Whilst other models were considered, it was clear that this version of the BERT model had the best outcomes overall, outdoing other pretrained models that had been fine-tuned for tweets, like `vinai/bertweet_base`. Which was one of the main reasons I had considered using the generalised BERT model. Further, there were the occasional foreign language tweets, but I went with the BERT model again because of the ease of use. There were other models that could use other/multiple languages, but those did not have the speed and accuracy of the BERT model, which was another reason I used this model.
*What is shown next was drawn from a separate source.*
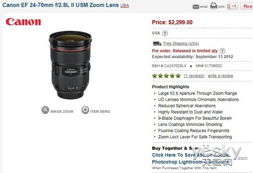 早在2012年的2月7日,佳能公司便发布了新一代标王镜头“佳能EF 24-70mm f/2.8L II USM”,并且预计在今年的4月份便可上市发售。但是我们从4月份等到了7月份,又从7月份等到了9月份,最终经历了多次延期后,佳能公司公开宣布“佳能EF 24-70mm f/2.8L II USM”在日本的上市时间为9月6日,欧洲和北美的上市时间是9月13日。目前在B&H Photo等网上商店已经可以预定佳能EF 24-70mm f/2.8L II USM,预售价2,299美元(约合人民币14,597元)。不过对方称9月只有少量商品供应,大量供应需要等到10月。

The dataset contained some very strange/unusual characters such as 'üò°üò°'. I did not remove/filter these words/characters out for this dataset specifically, as they were relatively few and far between, and did not appear to have much of an adverse affect on our model predictions.

An obvious but crucial point to say is that most of these words (at least for my run) had only had a sample tweet size only slightly greater than 3 occurances. This is obviously not enough to classify the average sentiment of a word (as can be seen in the 'love' example). A larger sample size is crucial to more holistically observe the words of interest in the twitter tech-support space.

Again, I would like to thank Spark 64 to for giving me the opportunity to take part in the technical test. I hope that there were not jarring issues with running the Colab Notebook.